:: TASK INSTRUCTIONS ::
Give the data again word for word; drop the pictures.

:: SUPPLIED DATA ::
>>>>

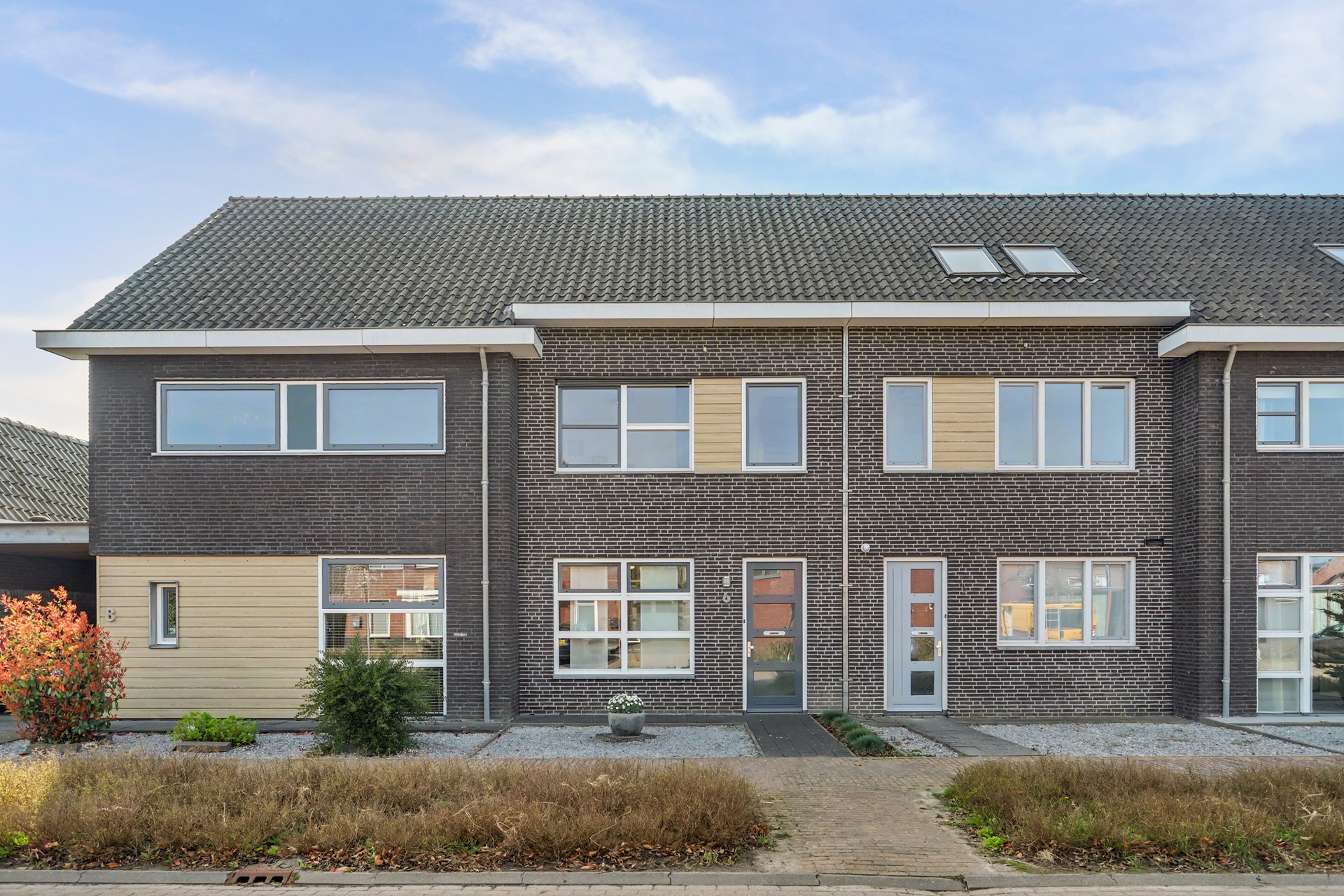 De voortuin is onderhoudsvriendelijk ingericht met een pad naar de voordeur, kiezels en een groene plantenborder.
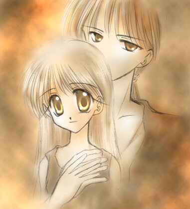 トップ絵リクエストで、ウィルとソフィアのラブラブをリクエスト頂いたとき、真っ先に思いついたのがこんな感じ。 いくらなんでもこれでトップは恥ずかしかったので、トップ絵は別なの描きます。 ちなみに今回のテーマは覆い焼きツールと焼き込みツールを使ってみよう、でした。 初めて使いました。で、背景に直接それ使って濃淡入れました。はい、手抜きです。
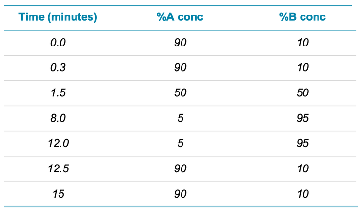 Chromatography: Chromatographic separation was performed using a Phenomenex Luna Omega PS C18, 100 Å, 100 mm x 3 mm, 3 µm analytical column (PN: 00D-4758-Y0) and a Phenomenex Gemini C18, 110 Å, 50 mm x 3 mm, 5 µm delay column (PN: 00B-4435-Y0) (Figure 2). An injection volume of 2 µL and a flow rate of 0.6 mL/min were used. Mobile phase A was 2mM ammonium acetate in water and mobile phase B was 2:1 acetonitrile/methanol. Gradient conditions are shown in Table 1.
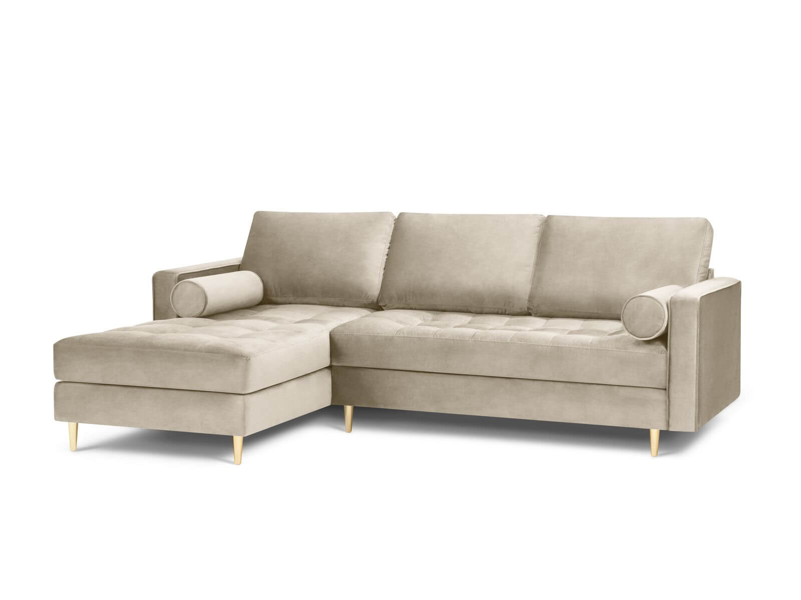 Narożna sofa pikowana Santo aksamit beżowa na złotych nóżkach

<<<<

:: REPLY TO THE TASK ::
 De voortuin is onderhoudsvriendelijk ingericht met een pad naar de voordeur, kiezels en een groene plantenborder.
 トップ絵リクエストで、ウィルとソフィアのラブラブをリクエスト頂いたとき、真っ先に思いついたのがこんな感じ。 いくらなんでもこれでトップは恥ずかしかったので、トップ絵は別なの描きます。 ちなみに今回のテーマは覆い焼きツールと焼き込みツールを使ってみよう、でした。 初めて使いました。で、背景に直接それ使って濃淡入れました。はい、手抜きです。
 Chromatography: Chromatographic separation was performed using a Phenomenex Luna Omega PS C18, 100 Å, 100 mm x 3 mm, 3 µm analytical column (PN: 00D-4758-Y0) and a Phenomenex Gemini C18, 110 Å, 50 mm x 3 mm, 5 µm delay column (PN: 00B-4435-Y0) (Figure 2). An injection volume of 2 µL and a flow rate of 0.6 mL/min were used. Mobile phase A was 2mM ammonium acetate in water and mobile phase B was 2:1 acetonitrile/methanol. Gradient conditions are shown in Table 1.
 Narożna sofa pikowana Santo aksamit beżowa na złotych nóżkach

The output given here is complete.